| Work order |
Without changing a thing, reproduce the entire listing and leave out its pictures.

━━ Supplied material ━━

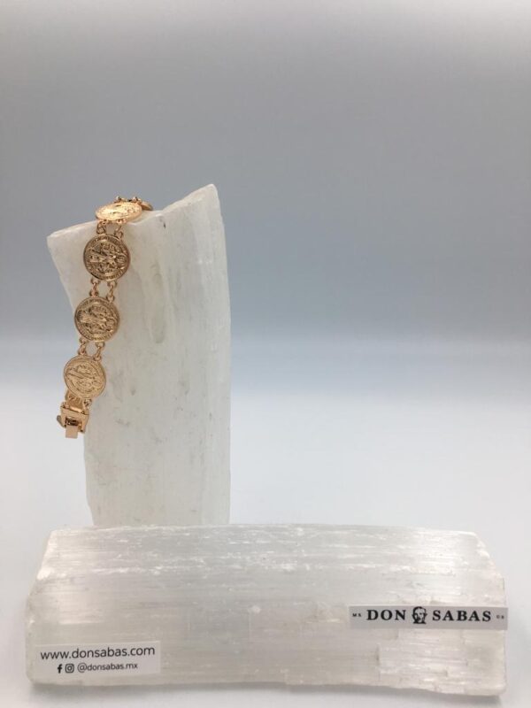 Pulsera dorada, medallas de San Benito, de oro laminado 18K.
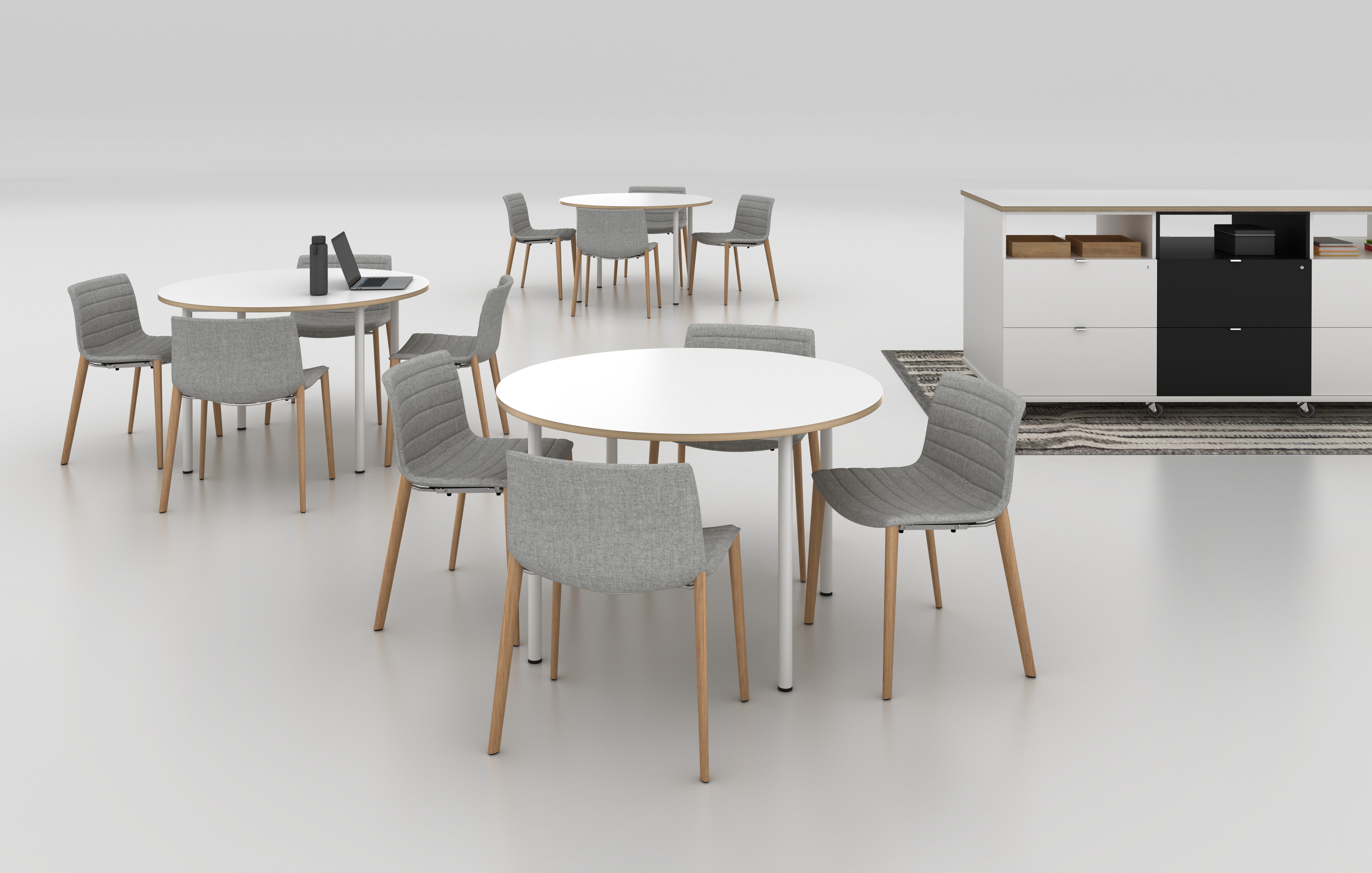 Private office space featuring a Corner Run-Off Desk, additional storage, and a fabric modesty panel
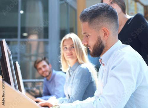Group of young people in casual wear sitting at the office desk and discussing something while looking at PC together.
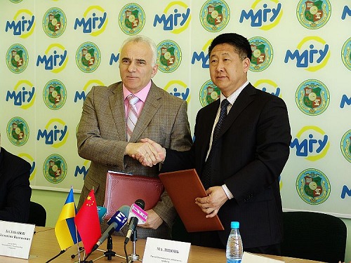 欢迎仪式结束后,康.瓦.巴拉巴诺夫校长陪同马立群校长参观了校园。之后两位校长举行了正式会谈,会谈主要围绕sunbet申搏与马里乌波尔大学共同在该校建立中国文化中心的相关问题进行了详细的商讨,会谈持续了三个多小时,最后达成一致意见,双方校长在协议书上签字。
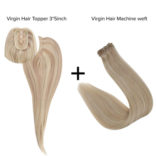 [Bundle] Virgin Hair Topper3*5inch #P18/613 + Machine Weft #P18/613
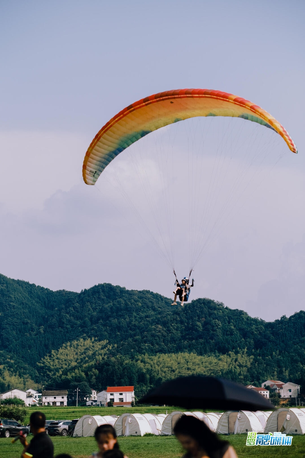 除了接受历史文化的沐浴,来到长乐古镇喝甜酒、体验滑翔也是不少游客的选择。这几日,智峰山滑翔基地人头攒动,游人在滑翔教练的指导下,穿戴好护具,“全副武装”腾空而起。远山近水绿野、小桥流水人家……在一整片深蓝中“自由飞翔”,一切都尽收眼底。
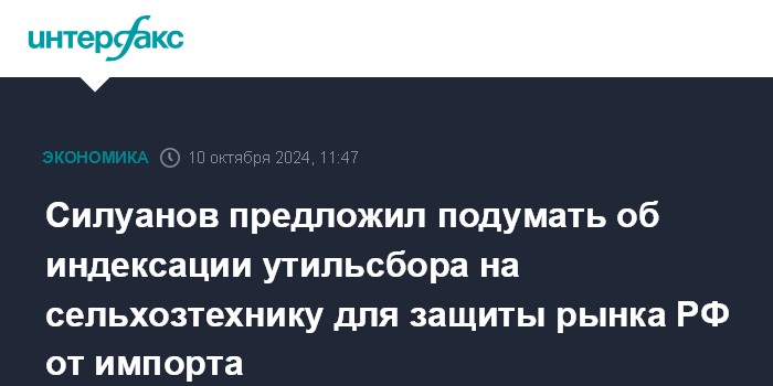 "Нужно защитить наш рынок от таких вот льготных поставок сельхозтехники из других стран. Для это есть у нас все инструменты. В первую очередь, это утильсбор, деньги от которого пойдут, в том числе, на поддержку нашего сельхозмашиностроения. Кстати, если мы посмотрим на динамику утильсбора, которую мы предусмотрели на последующие годы - она по сути дела стоит на месте. Мы видим, что ставки утильсбора с 2024 года по 2030 год на комбайны зерноуборочные, на машины сельхозназначения самоходные - ставки те же самые, они даже не индексируются. Мне кажется, нужно здесь, во-первых, поработать над бюджетом ко второму чтению. И второе - рассмотреть в правительстве вопрос о ставках утильсбора. С одной стороны, как о защитной мере от льготного импорта, а с другой - для направления ресурсов от этого источника на поддержку отечественных сельхозтоваропроизводителей", - предложил глава Минфина.
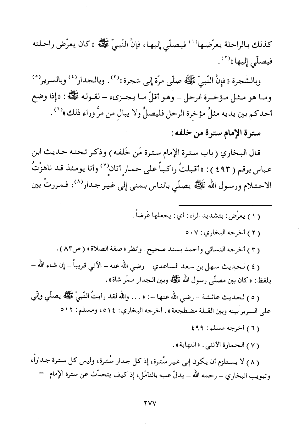 قال البخاري (باب سترة الإِمام سترة مَن خَلفه) وذكر تحته حديث ابن عباس برقم (493): "أقبلتُ راكباً على حمارٍ أتانٍ (¬7) وأنا يومئذ قد ناهزْتُ الاحتلام ورسول الله - صَلَّى اللَّهُ عَلَيْهِ وَسَلَّمَ - يصلّي بالناس بمنى إِلى غير جدار (¬8)، فمررتُ بين

━━━

| Response for this exercise |
 Pulsera dorada, medallas de San Benito, de oro laminado 18K.
 Private office space featuring a Corner Run-Off Desk, additional storage, and a fabric modesty panel
Group of young people in casual wear sitting at the office desk and discussing something while looking at PC together.
 欢迎仪式结束后,康.瓦.巴拉巴诺夫校长陪同马立群校长参观了校园。之后两位校长举行了正式会谈,会谈主要围绕sunbet申搏与马里乌波尔大学共同在该校建立中国文化中心的相关问题进行了详细的商讨,会谈持续了三个多小时,最后达成一致意见,双方校长在协议书上签字。
 [Bundle] Virgin Hair Topper3*5inch #P18/613 + Machine Weft #P18/613
 除了接受历史文化的沐浴,来到长乐古镇喝甜酒、体验滑翔也是不少游客的选择。这几日,智峰山滑翔基地人头攒动,游人在滑翔教练的指导下,穿戴好护具,“全副武装”腾空而起。远山近水绿野、小桥流水人家……在一整片深蓝中“自由飞翔”,一切都尽收眼底。
 "Нужно защитить наш рынок от таких вот льготных поставок сельхозтехники из других стран. Для это есть у нас все инструменты. В первую очередь, это утильсбор, деньги от которого пойдут, в том числе, на поддержку нашего сельхозмашиностроения. Кстати, если мы посмотрим на динамику утильсбора, которую мы предусмотрели на последующие годы - она по сути дела стоит на месте. Мы видим, что ставки утильсбора с 2024 года по 2030 год на комбайны зерноуборочные, на машины сельхозназначения самоходные - ставки те же самые, они даже не индексируются. Мне кажется, нужно здесь, во-первых, поработать над бюджетом ко второму чтению. И второе - рассмотреть в правительстве вопрос о ставках утильсбора. С одной стороны, как о защитной мере от льготного импорта, а с другой - для направления ресурсов от этого источника на поддержку отечественных сельхозтоваропроизводителей", - предложил глава Минфина.
 قال البخاري (باب سترة الإِمام سترة مَن خَلفه) وذكر تحته حديث ابن عباس برقم (493): "أقبلتُ راكباً على حمارٍ أتانٍ (¬7) وأنا يومئذ قد ناهزْتُ الاحتلام ورسول الله - صَلَّى اللَّهُ عَلَيْهِ وَسَلَّمَ - يصلّي بالناس بمنى إِلى غير جدار (¬8)، فمررتُ بين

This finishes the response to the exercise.